### WORK TASK
Apart from the pictures, write out all the records exactly.

Source data:

=====

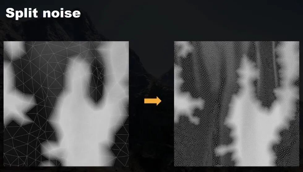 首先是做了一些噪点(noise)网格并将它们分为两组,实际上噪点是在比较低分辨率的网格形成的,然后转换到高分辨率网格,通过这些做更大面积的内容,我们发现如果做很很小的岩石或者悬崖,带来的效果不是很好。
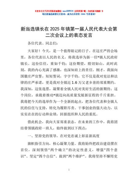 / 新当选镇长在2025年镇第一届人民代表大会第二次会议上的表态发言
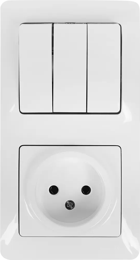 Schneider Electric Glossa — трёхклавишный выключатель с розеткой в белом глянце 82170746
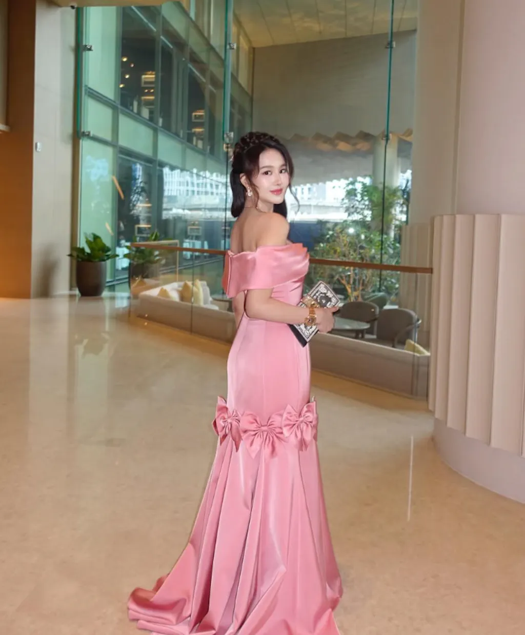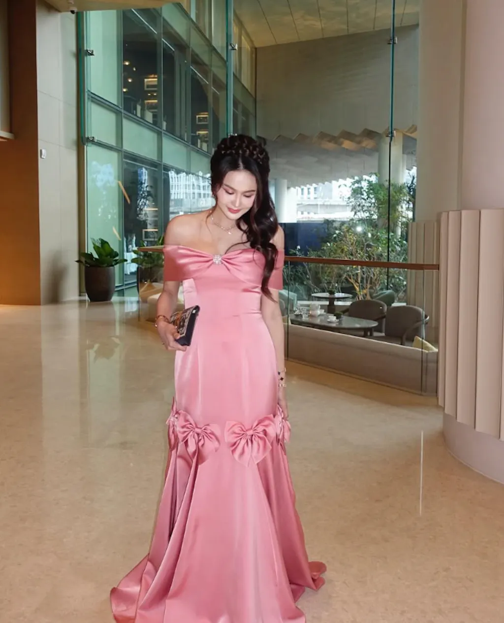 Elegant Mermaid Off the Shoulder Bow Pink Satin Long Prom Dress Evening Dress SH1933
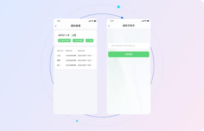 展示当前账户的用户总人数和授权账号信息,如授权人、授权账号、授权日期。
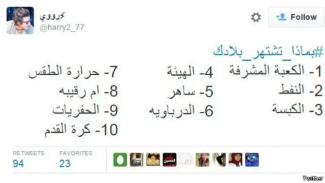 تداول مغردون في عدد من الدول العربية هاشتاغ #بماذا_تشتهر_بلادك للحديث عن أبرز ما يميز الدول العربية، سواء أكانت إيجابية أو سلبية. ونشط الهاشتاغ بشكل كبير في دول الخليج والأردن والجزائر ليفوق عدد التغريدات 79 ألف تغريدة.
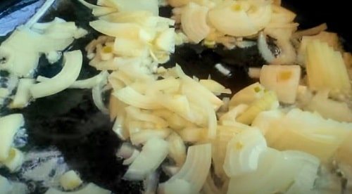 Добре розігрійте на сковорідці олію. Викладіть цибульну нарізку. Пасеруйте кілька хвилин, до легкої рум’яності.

=====

### YOUR RESPONSE
 首先是做了一些噪点(noise)网格并将它们分为两组,实际上噪点是在比较低分辨率的网格形成的,然后转换到高分辨率网格,通过这些做更大面积的内容,我们发现如果做很很小的岩石或者悬崖,带来的效果不是很好。
 / 新当选镇长在2025年镇第一届人民代表大会第二次会议上的表态发言
 Schneider Electric Glossa — трёхклавишный выключатель с розеткой в белом глянце 82170746
 Elegant Mermaid Off the Shoulder Bow Pink Satin Long Prom Dress Evening Dress SH1933
 展示当前账户的用户总人数和授权账号信息,如授权人、授权账号、授权日期。
 تداول مغردون في عدد من الدول العربية هاشتاغ #بماذا_تشتهر_بلادك للحديث عن أبرز ما يميز الدول العربية، سواء أكانت إيجابية أو سلبية. ونشط الهاشتاغ بشكل كبير في دول الخليج والأردن والجزائر ليفوق عدد التغريدات 79 ألف تغريدة.
 Добре розігрійте на сковорідці олію. Викладіть цибульну нарізку. Пасеруйте кілька хвилин, до легкої рум’яності.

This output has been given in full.